= Alfons Bühl =

German physicist

Alfons Bühl (1900-1988) was a German physicist. From 1934 to 1945, he was director of the physics department at the Technische Hochschule Karlsruhe.

==Education==

From 1919 to 1925, Bühl studied physics at the Friedrich-Wilhelms-Universität (today, the Humboldt-Universität zu Berlin) and the Ruprecht-Karls-Universität Heidelberg. He received his doctorate in 1925 under the Nobel Laureate Philipp Lenard at Heidelberg and was a teaching assistant to Lenard.

==Career==

In 1928, Bühl became a teaching assistant at the Albert-Ludwigs-Universität Freiburg and from 1929 was a Privatdozent there in physics. From 1931 to 1933, he had a lectureship in the physics department at the Eidgenössische Technische Hochschule Zürich. In 1934, he replaced Wolfgang Gaede as director of the physics department at the Technische Hochschule Karlsruhe (today, the Universität Karlsruhe); Gaede had been forced out by the National Socialist regime as “politically unreliable” after he accepted the Duddell Medal of the London Physical Society in 1933. In 1936, Bühl was an untenured ausserordentlicher Professor and from 1937 to 1945 an ordentlicher Professor at the Technische Hochschule Karlsruhe.

Bühl was a physics advisor to the Nationalsozialistischer Deutscher Dozentenbund (NSDDB, National Socialist German University Lecturers League). In 1940, Bühl attended the historic meeting known as the Münchner Religionsgespräche confronting the Deutsche Physik movement; Bühl was a principal there supporting the movement.

When Adolf Hitler became Chancellor of Germany on 30 January 1933, the concept of Deutsche Physik took on more favor and fervor. Deutsche Physik was anti-Semitic and anti-theoretical physics, especially including modern physics, i.e., quantum mechanics. As applied in the university environment, political factors took priority over the historically applied concept of scholarly ability, even though its two most prominent supporters were Nobel Laureates Philipp Lenard and Johannes Stark. During the period in which Deutsche Physik was gaining prominence, a foremost concern of the great majority of scientists was to maintain autonomy against political encroachment. Some of the more established scientists, such as Max von Laue, could demonstrate more autonomy than the younger and less established scientists.

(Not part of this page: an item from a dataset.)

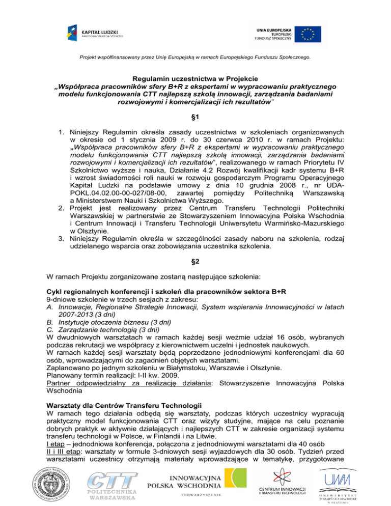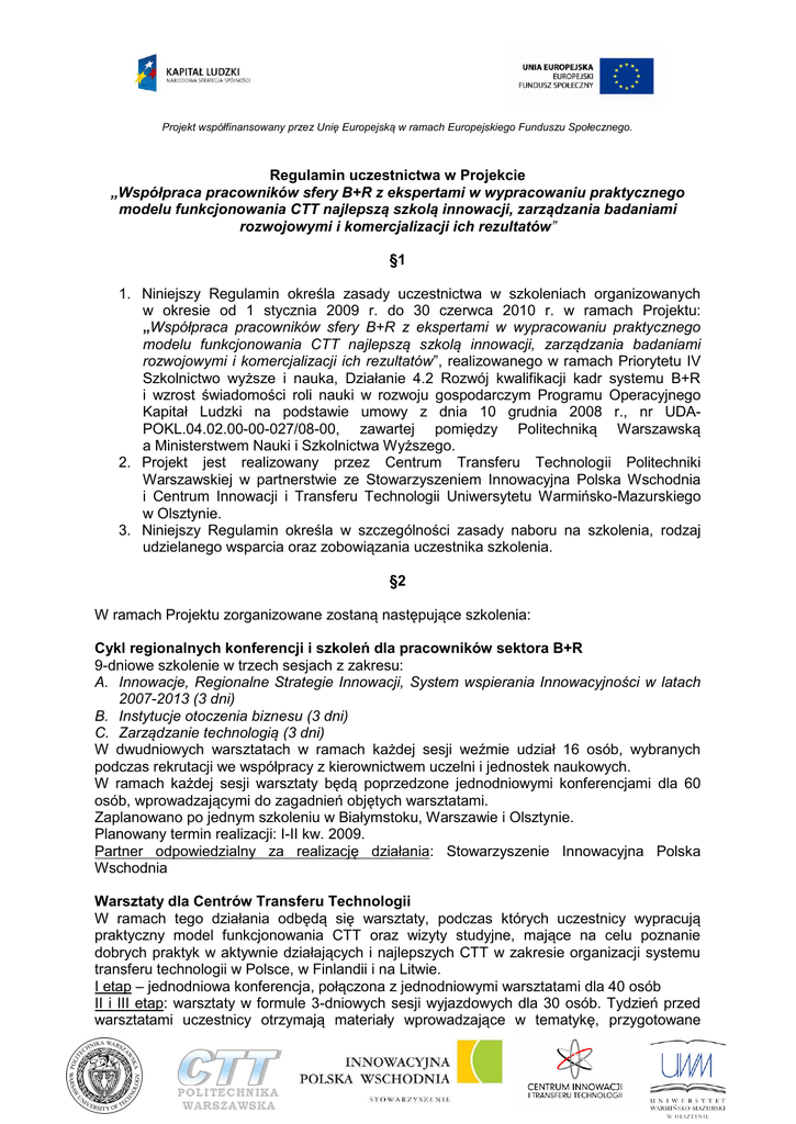 Projekt współfinansowany przez Unię Europejską w ramach Europejskiego Funduszu Społecznego. Regulamin uczestnictwa w Projekcie „Współpraca pracowników sfery B+R z ekspertami w wypracowaniu praktycznego modelu funkcjonowania CTT najlepszą szkolą innowacji, zarządzania badaniami rozwojowymi i komercjalizacji ich rezultatów” §1 1. Niniejszy Regulamin określa zasady uczestnictwa w szkoleniach organizowanych w okresie od 1 stycznia 2009 r. do 30 czerwca 2010 r. w ramach Projektu: „Współpraca pracowników sfery B+R z ekspertami w wypracowaniu praktycznego modelu funkcjonowania CTT najlepszą szkolą innowacji, zarządzania badaniami rozwojowymi i komercjalizacji ich rezultatów”, realizowanego w ramach Priorytetu IV Szkolnictwo wyższe i nauka, Działanie 4.2 Rozwój kwalifikacji kadr systemu B+R i wzrost świadomości roli nauki w rozwoju gospodarczym Programu Operacyjnego Kapitał Ludzki na podstawie umowy z dnia 10 grudnia 2008 r., nr UDAPOKL.04.02.00-00-027/08-00, zawartej pomiędzy Politechniką Warszawską a Ministerstwem Nauki i Szkolnictwa Wyższego. 2. Projekt jest realizowany przez Centrum Transferu Technologii Politechniki Warszawskiej w partnerstwie ze Stowarzyszeniem Innowacyjna Polska Wschodnia i Centrum Innowacji i Transferu Technologii Uniwersytetu Warmińsko-Mazurskiego w Olsztynie. 3. Niniejszy Regulamin określa w szczególności zasady naboru na szkolenia, rodzaj udzielanego wsparcia oraz zobowiązania uczestnika szkolenia. §2 W ramach Projektu zorganizowane zostaną następujące szkolenia: Cykl regionalnych konferencji i szkoleń dla pracowników sektora B+R 9-dniowe szkolenie w trzech sesjach z zakresu: A. Innowacje, Regionalne Strategie Innowacji, System wspierania Innowacyjności w latach 2007-2013 (3 dni) B. Instytucje otoczenia biznesu (3 dni) C. Zarządzanie technologią (3 dni) W dwudniowych warsztatach w ramach każdej sesji weźmie udział 16 osób, wybranych podczas rekrutacji we współpracy z kierownictwem uczelni i jednostek naukowych. W ramach każdej sesji warsztaty będą poprzedzone jednodniowymi konferencjami dla 60 osób, wprowadzającymi do zagadnień objętych warsztatami. Zaplanowano po jednym szkoleniu w Białymstoku, Warszawie i Olsztynie. Planowany termin realizacji: I-II kw. 2009. Partner odpowiedzialny za realizację działania: Stowarzyszenie Innowacyjna Polska Wschodnia Warsztaty dla Centrów Transferu Technologii W ramach tego działania odbędą się warsztaty, podczas których uczestnicy wypracują praktyczny model funkcjonowania CTT oraz wizyty studyjne, mające na celu poznanie dobrych praktyk w aktywnie działających i najlepszych CTT w zakresie organizacji systemu transferu technologii w Polsce, w Finlandii i na Litwie. I etap – jednodniowa konferencja, połączona z jednodniowymi warsztatami dla 40 osób II i III etap: warsztaty w formule 3-dniowych sesji wyjazdowych dla 30 osób. Tydzień przed warsztatami uczestnicy otrzymają materiały wprowadzające w tematykę, przygotowane przez ekspertów. Podczas warsztatów w grupach problemowych pod nadzorem moderatora przygotowują propozycje rozwiązań i prezentują je uczestnikom. Po prezentacjach odbywają się dyskusje celem dokonania wyboru optymalnych rozwiązań. Eksperci opracowują zebrane materiały i przygotowują wraz z własnymi komentarzami dla uczestników etapu IV. IV etap: 1-dniowa konferencja, prezentująca dorobek poprzednich etapów. Warsztaty/Wizyty studyjne Wizyta studyjna/szkolenie we Wrocławskim Centrum Transferu Technologii i CIiTT UAM w Poznaniu dla 15 pracowników sektora B+R, czas trwania: 3 dni. Cel: poznanie „best practices” w aktywnie działających i najlepszych CTT w zakresie organizacji systemu transferu technologii poprzez szkolenie i dyskusje panelowe z udziałem pracowników tych jednostek oraz nawiązanie kontaktów roboczych. Wizyta studyjna/szkolenie w Finlandii-Technopolis Helsinki, dla 15 pracowników sektora B+R, czas trwania: 3 dni. Cel: poznanie zagranicznych „best practices” w CTT współpracujących aktywnie z fińskimi parkami naukowo-technologicznymi (jednymi z najlepszych na świecie) w szczególności w zakresie organizacji systemu transferu technologii w Finlandii. Spotkania i dyskusje z udziałem pracowników tych jednostek pozwolą na określenie możliwej formuły dalszej współpracy z partnerami fińskimi. Wizyta studyjna/szkolenie na Litwie, 2009, dla 15 pracowników sektora B+R, czas trwania: 3 dni. Cel: zapoznanie się z systemem transferu technologii na Litwie i organizacją litewskich CTT w Kownie (CTT uczelniane) i w Wilnie (Lithuanian Innovation Centre) oraz uczestnictwo w warsztatach prezentujących dobre praktyki i możliwości komercjalizacji technologii. Termin realizacji: Konferencje i warsztaty I, II etap: czerwiec 2009 III etap: wrzesień 2009 IV etap: październik 2009 Wizyty studyjne: Wrocław, Poznań: sierpień 2009 Finlandia, Litwa: wrzesień 2009 Partner odpowiedzialny za realizację działania: Politechnika Warszawska Cykl regionalnych szkoleń dla pracowników sektora B+R D. Zarządzanie projektami ((3 moduły szkoleniowe po 3 dni dla grupy 16-osobowej w każdym z miast: Olsztyn, Białystok, Warszawa) E. Zarządzanie technologią i negocjacje w transferze technologii ((3 moduły szkoleniowe po 3 dni dla grupy 16-osobowej w każdym z miast: Olsztyn, Białystok, Warszawa) Wstępny harmonogram szkoleń: D. Zarządzanie projektami (3 moduły 3-dniowe) I moduł - Olsztyn: październik 2009 I moduł - Warszawa: listopad 2009 I moduł – Białystok: grudzień 2009 II moduł – Olsztyn: listopad 2009 II moduł Białystok, Warszawa: grudzień 2009 III moduł – Olsztyn, Białystok, Warszawa: I kw. 2010 E. Zarządzanie technologią i negocjacje w transferze technologii (3 moduły 3-dniowe) I, II, III moduł: Białystok, Warszawa, Olsztyn: II kw. 2010 Partner odpowiedzialny w Olsztynie. za realizację działania: §3 Uniwersytet Warmińsko-Mazurski 1. Uczestnikami szkolenia mogą by

This was, in part, due to political organizations, such as the NSDDB, whose district leaders had a decisive role in the acceptance of an Habilitationsschrift, which was a prerequisite to attaining the rank of Privatdozent necessary to becoming a university lecturer. While some with ability joined such organizations out of tactical career considerations, others with ability and adherence to historical academic standards joined these organizations to moderate their activities. This was the case of Wolfgang Finkelnburg. It was in the summer of 1940 that Finkelnburg became an acting director of the NSDDB at Technische Hochschule Darmstadt. As such, he organized the Münchner Religionsgespräche, which took place on 15 November 1940 and was known as the “Munich Synod.” The Münchner Religionsgespräche was an offensive against Deutsche Physik. Finkelnburg invited five representatives to make arguments for theoretical physics and academic decisions based on ability rather than politics: Carl Friedrich von Weizsäcker, Otto Scherzer, Georg Joos, Otto Heckmann, and Hans Kopfermann. Alfons Bühl, a supporter of Deutsche Physik, invited Harald Volkmann, Bruno Thüring, Wilhelm Müller, Rudolf Tomaschek, and Ludwig Wesch. The discussion was led by Gustav Borer, with Herbert Arthur Stuart and Johannes Malsch as observers. While the technical outcome may have been thin, it was a political victory against Deutsche Physik.

==Literature by Bühl==
- Alfons Bühl Über die elektrische Doppelschicht an der Oberfläche von Quecksilber, Annalen der Physik, Volume 385, Issue 10, pp. 137–180 (1926)
- Alfons Bühl Über wasserfallelektrische Wirkung an Lösungen ein-einwertiger Elektrolyte, Annalen der Physik, Volume 388, Issue 16, pp. 1207–1224 (1927)
- Alfons Bühl Wasserfallelektrische Wirkung im Vakuum, Annalen der Physik, Volume 395, Issue 7, pp. 978–992 (1929)
- Alfons Bühl Philipp Lenard und die deutsche Naturforschung (1937) in Rudolf G. Weigel (editor) Philipp Lenard, der Vorkämpfer der Deutschen Physik Karlsruhe, Müller (= Karlsruher Akedemischen Reden, Number 17), as cited in Hentschel and Hentschel, 1996, References, page XCII, reference #920.